→ **Problem to solve**
Print the lines below from the line with "Geantă de Voiaj" to the line with "Umgestaltung der Fußgängerzone" exactly, keeping both ends, and print no pictures.

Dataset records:
§ §
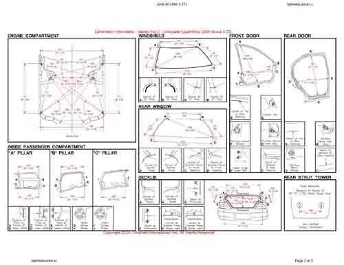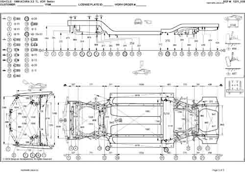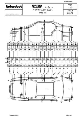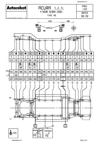 - Геометрические размеры кузова ACURA 3.2TL 1998-2001-2003, как проекционные, так и непосредственного измерения, в том числе диагональные размеры проемов кузова и контрольные точки для восстановления геометрии кузова.
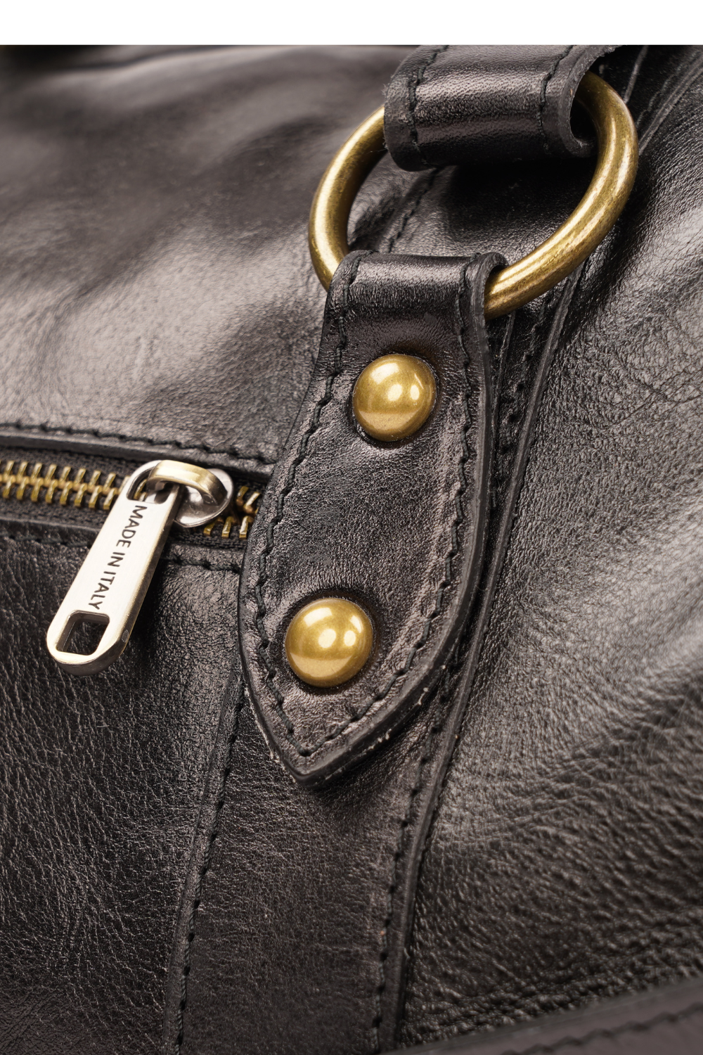 Geantă de Voiaj din Piele Naturală Neagră – Made in Italy
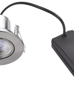 Tool-free and quick to install due to the 4-way push-fit screwless terminal block. Features anti-glare 60° lens and tilting bezel, allowing adjustment of up to 30°. Ideal for domestic use.
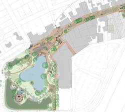 Umgestaltung der Fußgängerzone und des Parks in der Gemeindemitte
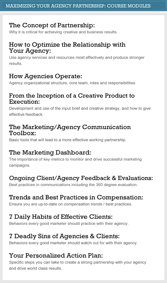 Real-world case studies, group interaction strategies, role-play techniques and a personalized action plan for your people offer powerful insights into what it takes to build a world-class partnership that empowers your agency to deliver groundbreaking work that produces powerful marketplace results.
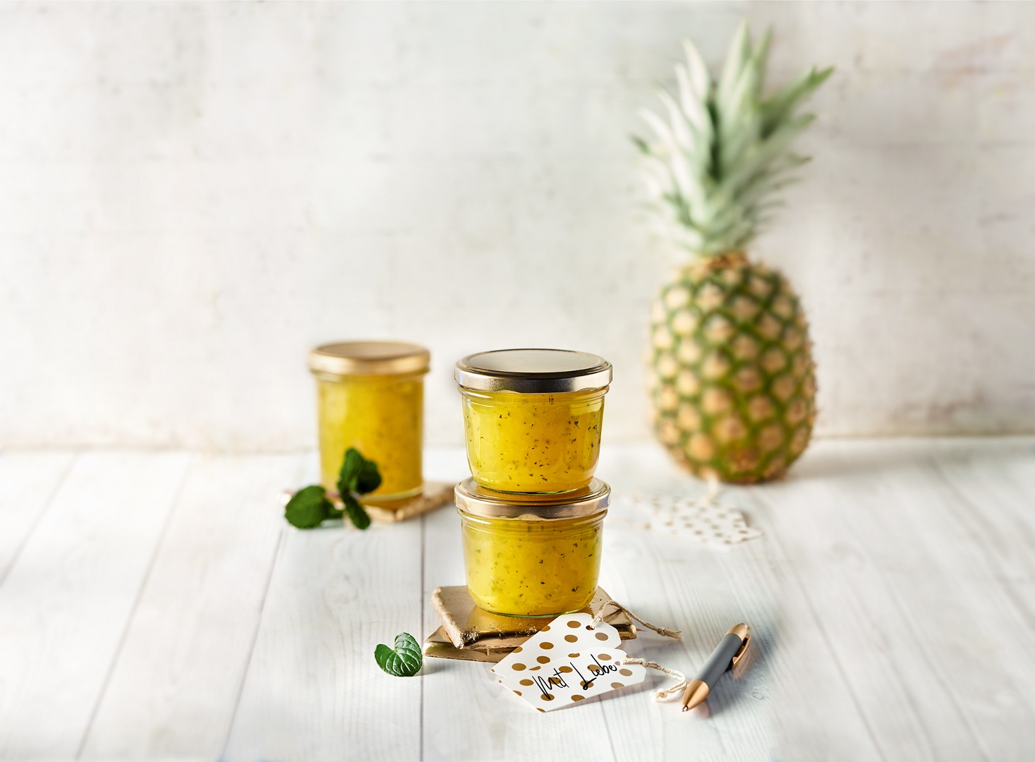 Für die Zubereitung des Rezeptes im normalen Kochtopf Minze hacken. Ananas-Fruchtfleisch pürieren und 1 kg Fruchtpüree mit 500 g klassischem Diamant Gelierzucker 2:1 in einem großen Topf mischen. Unter Rühren zum Kochen bringen und bei starker Hitze unter Rühren 3 Minuten sprudelnd kochen lassen. In Gläser füllen, pro Glas etwas gehackte Minze unterrühren und gut verschließen.
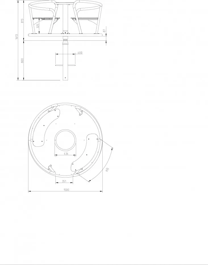 - Het centrale handwiel laat de kinderen toe om al zittend de draaimolen zelf te laten draaien
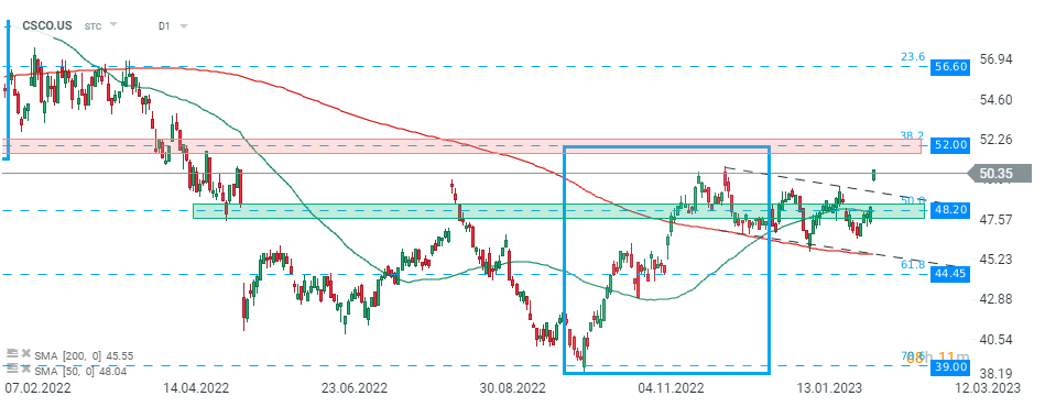 As ações da Cisco Systems (CSCO.US) arrancaram a sessão de hoje mais altas e estão a negociar acima do limite superior do canal descendente. Se o sentimento actual prevalecer, um movimento ascendente pode acelerar no sentido da resistência a $52,00, que é marcado com o limite superior da estrutura 1:1, reações anteriores ao preço e 38,2% de retração Fibonacci da onda ascendente começada em Março de 2020. Fonte: xStation5
§ §
→ **Answer section**
 Geantă de Voiaj din Piele Naturală Neagră – Made in Italy
 Tool-free and quick to install due to the 4-way push-fit screwless terminal block. Features anti-glare 60° lens and tilting bezel, allowing adjustment of up to 30°. Ideal for domestic use.
 Umgestaltung der Fußgängerzone und des Parks in der Gemeindemitte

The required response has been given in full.